Starlink, China’s Role, and the Management of Low Earth Orbit

Published

on

In late December 2025, China filed applications with the International Telecommunication Union covering satellite constellations totalling more than 200,000 satellites. The scale of the filings was framed in media coverage as escalatory and hypocritical, given Beijing’s earlier criticism of SpaceX’s commercial satellite constellation Starlink. Yet the move reflects an orbital environment already transformed by large-scale commercial deployment, where control over satellite infrastructure has potentially profound political consequences.

Low Earth orbit has shifted from a sparsely populated technical domain to a dense layer of critical infrastructure. More than 10,000 active satellites now circle the planet, with the majority launched after 2019, supporting civilian communications, navigation systems, military operations, disaster response and commercial connectivity. This transformation has been driven by falling launch costs, the industrialisation of satellite production and the capacity of a small number of actors — notably SpaceX — to deploy systems at scale.

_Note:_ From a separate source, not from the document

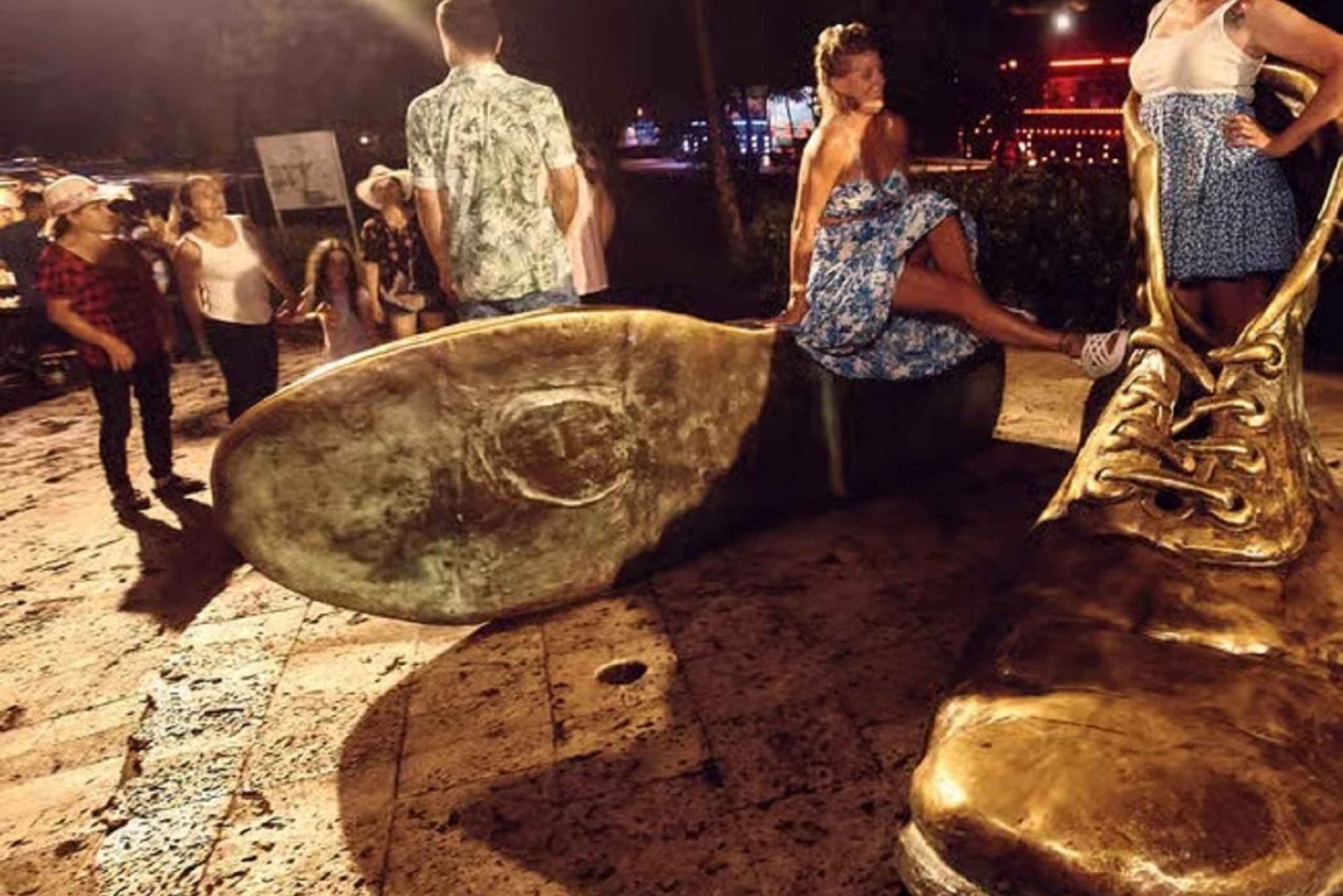 På vår tur kan du njuta av tid med din familj, vänner eller till och med som par, där du lär dig om historien bakom stadens mest ikoniska monument. Upphämtningstider vid mötesplatserna är kl. 19.20 vid Pegasus Pier i den muromgärdade staden och kl. 20.00 i Bocagrande och Laguito. Vid varje stopp har vi en paus på 10–15 minuter för att ta foton, gå på toaletten eller köpa souvenirer. Inträde till nattklubben är valfritt. De som vill gå in måste betala för sin egen resa tillbaka till hotellet. Det finns ingen åldersgräns för denna tur. Inträde till San Felipe-slottet ingår inte. TUR 21:00. En och en halv timmes nöje med rundtur i hotellområdet Bocagrande, panoramautsikt över gamla stan, klocktornet, Pegazos Pier, kongresscentret, Arsenal Street, stopp vid Los Zapatos Viejos, San Felipe-slottet och Cartagenas bokstäver för foton. Vi fortsätter turen längs murarna och avslutar vid nattklubben. Vi hämtar inte längre upp vid hotellen, utan har specifika mötesplatser.Includes

Starlink matters not simply because of its size, but because it became embedded in civilian, military and emergency communications before governments had fully understood the implications. In Ukraine, Starlink terminals were integrated into battlefield communications out of necessity rather than deliberate policy choice. And in other conflict-affected regions like Iran, satellite connectivity has become politically consequential because access can be enabled, restricted or delayed through operational decisions rather than formal state policy.

Starlink’s significance lies less in the discretion of its owner than in the structural features of dense orbital infrastructure. Once deployed, satellite systems are difficult to replace or unwind. Reliance on this system has developed faster than the rules meant to govern it.

China’s commercial satellite sector has changed markedly in response to these pressures. Manufacturing has moved away from small-scale testing and custom production towards faster, more standardised output. Firms such as GalaxySpace have reorganised factories to shorten build times and increase volume. Design choices once driven by experimentation are now shaped by the practical demands of launch schedules, including restrictions on how many satellites can be stacked inside a single rocket and the need to meet regulatory filing deadlines.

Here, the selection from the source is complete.